Identification and structural characterization of hydrophobic proteins and peptides are challenging, as they are typically membrane-associated, and are difficult to extract or purify. The predominant MS-based proteomic techniques have, in fact, been developed for analyzing soluble proteins and peptides. As a result, hydrophobic proteins and peptides are under-represented in global proteomic analyses. However, encouraging technical advances have been made in recent years in the MS analysis of membrane-associated proteins [20–24]. In particular, the feasibility of high-resolution top-down MS/MS for determining post-translational modifications (PTM) of integral membrane proteins has been demonstrated [24].
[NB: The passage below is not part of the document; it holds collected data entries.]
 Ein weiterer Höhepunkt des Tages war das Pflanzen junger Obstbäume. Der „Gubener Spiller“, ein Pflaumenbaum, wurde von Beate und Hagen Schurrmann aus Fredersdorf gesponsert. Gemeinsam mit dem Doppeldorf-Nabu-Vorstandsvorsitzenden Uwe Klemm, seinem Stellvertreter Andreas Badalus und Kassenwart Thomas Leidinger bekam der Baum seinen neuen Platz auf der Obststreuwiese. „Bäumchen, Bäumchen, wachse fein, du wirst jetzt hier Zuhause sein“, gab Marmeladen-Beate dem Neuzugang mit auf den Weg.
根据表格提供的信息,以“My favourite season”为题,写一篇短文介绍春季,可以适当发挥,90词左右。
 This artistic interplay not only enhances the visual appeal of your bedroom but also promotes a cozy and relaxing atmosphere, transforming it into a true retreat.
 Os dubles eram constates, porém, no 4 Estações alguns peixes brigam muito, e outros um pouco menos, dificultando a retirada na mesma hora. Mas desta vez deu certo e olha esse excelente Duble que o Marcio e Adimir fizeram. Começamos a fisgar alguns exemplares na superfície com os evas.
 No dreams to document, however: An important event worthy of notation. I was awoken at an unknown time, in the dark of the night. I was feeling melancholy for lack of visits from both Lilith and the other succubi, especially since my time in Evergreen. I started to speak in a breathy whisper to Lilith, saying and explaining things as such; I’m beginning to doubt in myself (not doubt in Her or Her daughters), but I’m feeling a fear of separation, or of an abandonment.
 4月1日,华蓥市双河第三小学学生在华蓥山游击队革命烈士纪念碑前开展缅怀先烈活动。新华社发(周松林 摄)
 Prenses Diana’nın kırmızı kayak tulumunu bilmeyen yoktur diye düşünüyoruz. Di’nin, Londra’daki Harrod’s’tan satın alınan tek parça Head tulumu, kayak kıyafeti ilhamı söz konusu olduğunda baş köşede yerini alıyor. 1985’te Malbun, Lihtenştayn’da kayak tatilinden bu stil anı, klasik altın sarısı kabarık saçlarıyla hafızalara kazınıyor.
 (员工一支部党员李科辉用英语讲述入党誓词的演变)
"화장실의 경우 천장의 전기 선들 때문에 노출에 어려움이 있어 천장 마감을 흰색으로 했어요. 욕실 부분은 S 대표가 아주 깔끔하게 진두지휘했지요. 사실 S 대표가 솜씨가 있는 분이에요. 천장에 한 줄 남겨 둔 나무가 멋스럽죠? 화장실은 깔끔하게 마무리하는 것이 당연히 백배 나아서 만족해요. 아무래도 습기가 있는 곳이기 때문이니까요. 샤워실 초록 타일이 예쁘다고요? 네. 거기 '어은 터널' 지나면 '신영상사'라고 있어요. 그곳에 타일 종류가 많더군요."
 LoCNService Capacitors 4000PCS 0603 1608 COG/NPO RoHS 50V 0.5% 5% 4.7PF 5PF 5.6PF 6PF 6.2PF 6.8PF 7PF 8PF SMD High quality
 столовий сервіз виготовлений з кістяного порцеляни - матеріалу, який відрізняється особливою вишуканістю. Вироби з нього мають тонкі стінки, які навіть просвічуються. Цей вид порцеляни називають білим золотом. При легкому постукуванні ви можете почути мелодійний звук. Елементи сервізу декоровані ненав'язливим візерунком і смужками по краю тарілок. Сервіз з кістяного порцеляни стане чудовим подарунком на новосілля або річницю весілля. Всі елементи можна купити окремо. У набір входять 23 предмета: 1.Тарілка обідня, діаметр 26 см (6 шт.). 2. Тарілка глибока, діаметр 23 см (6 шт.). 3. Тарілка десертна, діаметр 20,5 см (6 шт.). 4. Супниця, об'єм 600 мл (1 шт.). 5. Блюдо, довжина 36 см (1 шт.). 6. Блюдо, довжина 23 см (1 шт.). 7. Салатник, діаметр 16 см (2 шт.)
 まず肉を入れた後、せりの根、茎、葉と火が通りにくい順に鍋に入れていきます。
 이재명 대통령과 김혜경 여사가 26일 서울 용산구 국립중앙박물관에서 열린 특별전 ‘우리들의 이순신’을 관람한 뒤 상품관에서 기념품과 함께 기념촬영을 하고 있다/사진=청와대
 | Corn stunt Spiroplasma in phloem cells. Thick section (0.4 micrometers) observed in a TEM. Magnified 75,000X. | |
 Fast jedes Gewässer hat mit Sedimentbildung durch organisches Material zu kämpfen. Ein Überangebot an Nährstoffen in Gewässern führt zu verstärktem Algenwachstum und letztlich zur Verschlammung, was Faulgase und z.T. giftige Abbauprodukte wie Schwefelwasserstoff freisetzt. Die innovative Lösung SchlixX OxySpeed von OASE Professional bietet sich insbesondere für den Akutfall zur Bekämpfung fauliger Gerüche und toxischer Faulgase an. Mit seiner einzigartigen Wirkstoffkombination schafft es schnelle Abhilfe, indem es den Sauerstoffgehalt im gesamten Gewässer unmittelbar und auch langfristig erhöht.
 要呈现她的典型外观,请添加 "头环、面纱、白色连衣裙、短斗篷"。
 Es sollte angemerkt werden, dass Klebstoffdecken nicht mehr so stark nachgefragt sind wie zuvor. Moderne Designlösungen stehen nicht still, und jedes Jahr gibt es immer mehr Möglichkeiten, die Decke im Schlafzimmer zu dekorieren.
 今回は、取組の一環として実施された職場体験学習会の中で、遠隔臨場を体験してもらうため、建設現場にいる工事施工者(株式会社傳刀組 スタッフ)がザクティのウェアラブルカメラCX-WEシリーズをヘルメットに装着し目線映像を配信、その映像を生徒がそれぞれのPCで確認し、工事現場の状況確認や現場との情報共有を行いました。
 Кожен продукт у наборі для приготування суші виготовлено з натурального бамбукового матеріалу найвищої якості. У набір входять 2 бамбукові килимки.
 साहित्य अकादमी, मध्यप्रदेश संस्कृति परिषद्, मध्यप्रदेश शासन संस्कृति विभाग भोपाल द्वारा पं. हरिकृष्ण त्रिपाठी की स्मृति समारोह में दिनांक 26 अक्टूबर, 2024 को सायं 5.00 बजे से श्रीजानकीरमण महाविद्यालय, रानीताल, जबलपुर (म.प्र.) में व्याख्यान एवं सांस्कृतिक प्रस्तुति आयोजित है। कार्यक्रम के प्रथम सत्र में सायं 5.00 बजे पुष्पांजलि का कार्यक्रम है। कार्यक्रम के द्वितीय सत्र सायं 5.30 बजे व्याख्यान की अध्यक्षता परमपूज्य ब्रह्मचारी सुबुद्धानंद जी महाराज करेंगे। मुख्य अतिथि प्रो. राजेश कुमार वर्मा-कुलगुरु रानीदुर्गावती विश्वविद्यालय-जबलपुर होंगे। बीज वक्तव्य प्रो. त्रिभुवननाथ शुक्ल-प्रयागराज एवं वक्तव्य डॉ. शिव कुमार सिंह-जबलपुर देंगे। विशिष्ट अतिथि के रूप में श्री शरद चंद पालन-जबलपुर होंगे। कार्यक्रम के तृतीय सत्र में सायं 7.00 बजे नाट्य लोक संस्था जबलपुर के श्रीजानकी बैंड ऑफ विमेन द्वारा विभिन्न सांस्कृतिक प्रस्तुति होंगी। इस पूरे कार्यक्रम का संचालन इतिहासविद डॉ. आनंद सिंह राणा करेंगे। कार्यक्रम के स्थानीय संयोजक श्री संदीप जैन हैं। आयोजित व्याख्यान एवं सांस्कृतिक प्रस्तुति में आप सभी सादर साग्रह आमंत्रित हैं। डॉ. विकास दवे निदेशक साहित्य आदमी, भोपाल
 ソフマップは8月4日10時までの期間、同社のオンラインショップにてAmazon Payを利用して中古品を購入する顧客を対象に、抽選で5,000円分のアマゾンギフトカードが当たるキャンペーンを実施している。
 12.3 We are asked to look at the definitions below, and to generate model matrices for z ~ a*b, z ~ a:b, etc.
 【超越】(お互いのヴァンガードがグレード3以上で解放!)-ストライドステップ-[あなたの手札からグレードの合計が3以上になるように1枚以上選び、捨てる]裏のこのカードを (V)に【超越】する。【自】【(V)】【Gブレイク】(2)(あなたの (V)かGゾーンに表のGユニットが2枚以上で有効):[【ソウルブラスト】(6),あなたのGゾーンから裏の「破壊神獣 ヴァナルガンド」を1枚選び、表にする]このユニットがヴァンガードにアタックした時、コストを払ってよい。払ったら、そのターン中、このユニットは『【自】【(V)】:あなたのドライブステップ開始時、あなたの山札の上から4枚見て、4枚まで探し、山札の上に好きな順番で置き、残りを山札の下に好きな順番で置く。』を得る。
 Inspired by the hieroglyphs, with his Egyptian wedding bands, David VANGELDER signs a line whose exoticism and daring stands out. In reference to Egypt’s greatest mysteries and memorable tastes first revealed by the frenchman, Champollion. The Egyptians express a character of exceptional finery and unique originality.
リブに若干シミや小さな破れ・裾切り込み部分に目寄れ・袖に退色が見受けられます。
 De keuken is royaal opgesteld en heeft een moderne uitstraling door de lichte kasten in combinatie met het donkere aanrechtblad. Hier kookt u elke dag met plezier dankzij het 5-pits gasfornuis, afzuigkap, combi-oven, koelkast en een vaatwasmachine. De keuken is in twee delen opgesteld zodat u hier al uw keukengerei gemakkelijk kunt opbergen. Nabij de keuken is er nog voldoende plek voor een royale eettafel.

The identification here of small membrane proteins from E. coli and S. typhimurium benefited unexpectedly from methods that were developed for lipid analysis. We envision that the methodologies described here could be equally amendable for the identification of unusually hydrophobic proteins in other organisms or cells. It is possible that by subjecting total Bligh-Dyer extracts (or other organic solvent extracts) to additional steps of fractionation, more hydrophobic proteins, especially those of very low abundance, could be uncovered.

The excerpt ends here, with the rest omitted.